Full disclosure, I did manage to squeeze in a re-read of Children of Time, I did not manage to get Children of Ruin as well before it was time to pick this up. While the book does a great job of catching you up I still think it'd be worth doing a reread just for the continuity of one particular character (and also you get to reread a great book!). You probably also don't want to just jump into this book without having read either of the previous two books but hopefully that goes without saying.
Children of Memory tackles very similar themes and ideas to the first two books but I definitely felt the space between this book and Children of Ruin - I am assured it is only actually 3 and a half years between them but time really has been an illusion these last few years. Put more simply, I feel like Children of Memory still takes on that idea of non-human sentience but comes at it from a different direction than the 'virus' approach of books one and two. I think that was sensible on Tchaikovsky's part as I know people were concerned that this was going to be another '[INSERT CREATURE HERE} in Space' book. This book, more so than any of the books before, is far more about humanity.

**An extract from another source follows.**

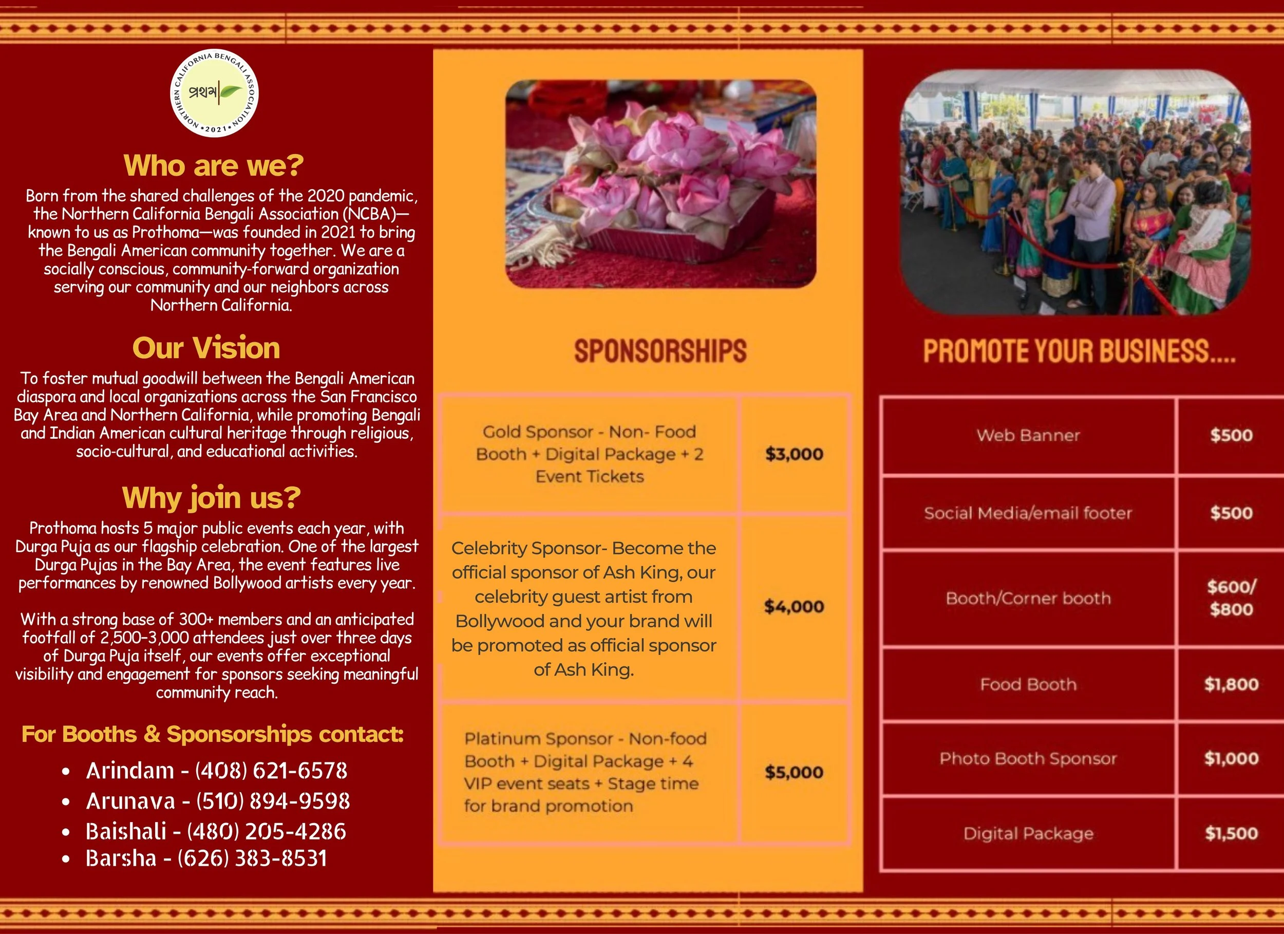 Founded in 2020, in the midst of a global pandemic, Prothoma began as a bold idea: to create a Bengali social and cultural space that felt personal, warm, and rooted in tradition — even during uncertain times. Since then, we’ve continued to grow steadily, winning mindshare not only among Bengalis across the Bay Area, but also within the broader Indian community. Despite thousands of attendees at our events, Prothoma is known for its intimate, welcoming atmosphere — where everyone knows your name and every celebration feels like coming home. Our flagship Durga Puja, along with Barshabaran, Saraswati Puja, Kali Puja, and our annual summer picnic, reflects a unique blend of cultural richness, creativity, and community spirit that sets us apart. Its not too late….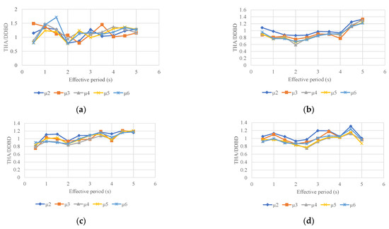 Time-history analysis/DDBD displacement average ratio using approach 1 and a set of synthetic accelerograms: (a) EPP (r = 0), (b) bilinear (r = 0.2), (c) Takeda model (“narrow” type, α = 0.5, β = 0.0, r = 0.05), (d) Takeda model (“fat” type α = 0.3, β = 0.6, r = 0.05).

Given the 'human' sections of the previous books were probably my least favourite I was somewhat concerned that I wouldn't like this book as much. But actually saying 'humanity' means a whole host of different things and I wasn't disappointed nor was I bored. I really liked the way this book posed what felt a bit like thought experiments alongside the story and I was definitely left with a lot to think about. Where book one felt like a space adventure and book two had an element of horror about it I felt like this book was edging into some kind of 'scary psychological' territory - no complaints from me except that it did make me question my own reality at several points.
One of the complaints I know people have had about this series is that it can feel a bit overwritten and if that's something that bothered you before I don't know that this book changes that. I embraced it as a 'I'll just let this take me where it will and see where I wash up at the end' kind of book but I can see where some people might feel that 100 pages or so could have been cut to make things a bit pacier. I think the fact that the book is broken up into very small sections makes it more digestible than you might think.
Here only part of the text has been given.